Task goal: Wherever pictures occur in the entries below, leave them out and retype the rest exactly.

++++++++++

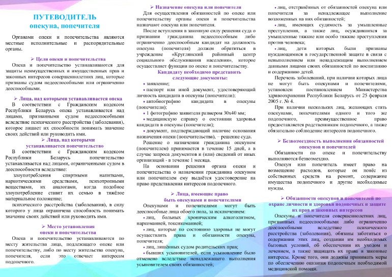 Путеводитель опекуна, попечителя - Учреждение "Круглянский РЦСОН"
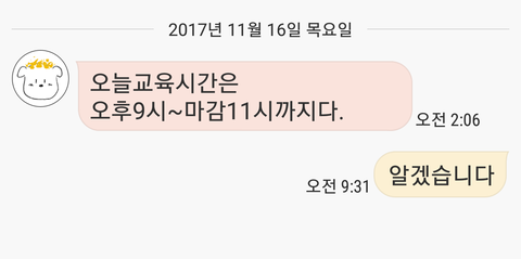 모레 저녁8시까지 교육 오라고 했는데
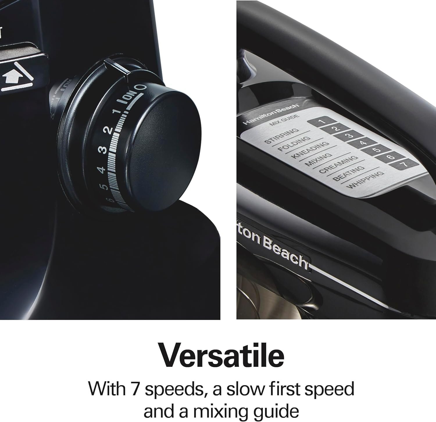 Hamilton Beach Electric Stand Mixer, 4 Quarts, Dough Hook, Flat Beater Attachments, Splash Guard 7 Speeds with Whisk, Easy-Carry Top Handle, Black
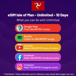 Hello, Globetrotter! 🚀 Gearing up for a journey to the world’s hidden gem, Isle of Man? Let our Unlimited – 10 Days eSIM be your reliable digital ally, ensuring you remain connected at every step!
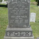 After the Civil War, the Board of Commissioners appointed Folk inspector for the Metropolitan Police Department with authority for the entire Brooklyn police force. He lost that position when the Brooklyn Board of Commissioners was formed in 1870. He was made an inspector in 1872 and superintendent a year later. Upon his death, a committee of New York Police Department captains was formed to arrange his funeral. His son, William H. Folk (see), was captain of the 12th Precinct in Brooklyn. He last lived at 170 Skillman Street in Brooklyn. He died from nephritis. Section 55, lot 14206.
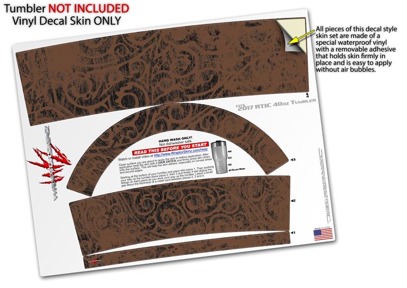 Skin Wrap Decal for 2017 RTIC Tumblers 40oz Folder Doodles Chocolate Brown (TUMBLER NOT INCLUDED)
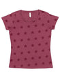 Women's Star Print Scoop Neck Tee - Burgundy Star / S is backordered and will ship as soon as it is back in stock.
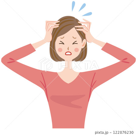 頭を抱える女性のイラスト 頭痛 パニック
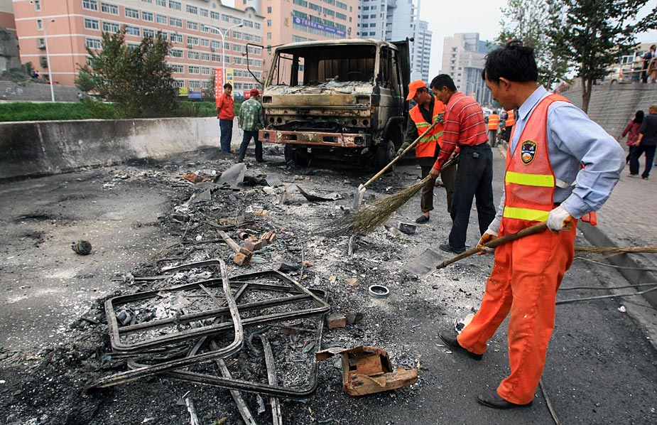 7月6日,烏魯木齊市的工作人員在清理被犯罪分子焚燒的汽車。在5日晚發(fā)生的嚴重暴力犯罪事件中,被毀車輛達260部;受損門面房203間,民房14間,總過火面積達到56850平方米,全市共有220多處縱火點,有兩棟樓房被燒毀。中新社發(fā) 劉新 攝

++++++++++

Reply to the exercise:
 Путеводитель опекуна, попечителя - Учреждение "Круглянский РЦСОН"
 모레 저녁8시까지 교육 오라고 했는데
 Hamilton Beach Electric Stand Mixer, 4 Quarts, Dough Hook, Flat Beater Attachments, Splash Guard 7 Speeds with Whisk, Easy-Carry Top Handle, Black
 Hello, Globetrotter! 🚀 Gearing up for a journey to the world’s hidden gem, Isle of Man? Let our Unlimited – 10 Days eSIM be your reliable digital ally, ensuring you remain connected at every step!
 After the Civil War, the Board of Commissioners appointed Folk inspector for the Metropolitan Police Department with authority for the entire Brooklyn police force. He lost that position when the Brooklyn Board of Commissioners was formed in 1870. He was made an inspector in 1872 and superintendent a year later. Upon his death, a committee of New York Police Department captains was formed to arrange his funeral. His son, William H. Folk (see), was captain of the 12th Precinct in Brooklyn. He last lived at 170 Skillman Street in Brooklyn. He died from nephritis. Section 55, lot 14206.
 Skin Wrap Decal for 2017 RTIC Tumblers 40oz Folder Doodles Chocolate Brown (TUMBLER NOT INCLUDED)
 Women's Star Print Scoop Neck Tee - Burgundy Star / S is backordered and will ship as soon as it is back in stock.
 頭を抱える女性のイラスト 頭痛 パニック
 7月6日,烏魯木齊市的工作人員在清理被犯罪分子焚燒的汽車。在5日晚發(fā)生的嚴重暴力犯罪事件中,被毀車輛達260部;受損門面房203間,民房14間,總過火面積達到56850平方米,全市共有220多處縱火點,有兩棟樓房被燒毀。中新社發(fā) 劉新 攝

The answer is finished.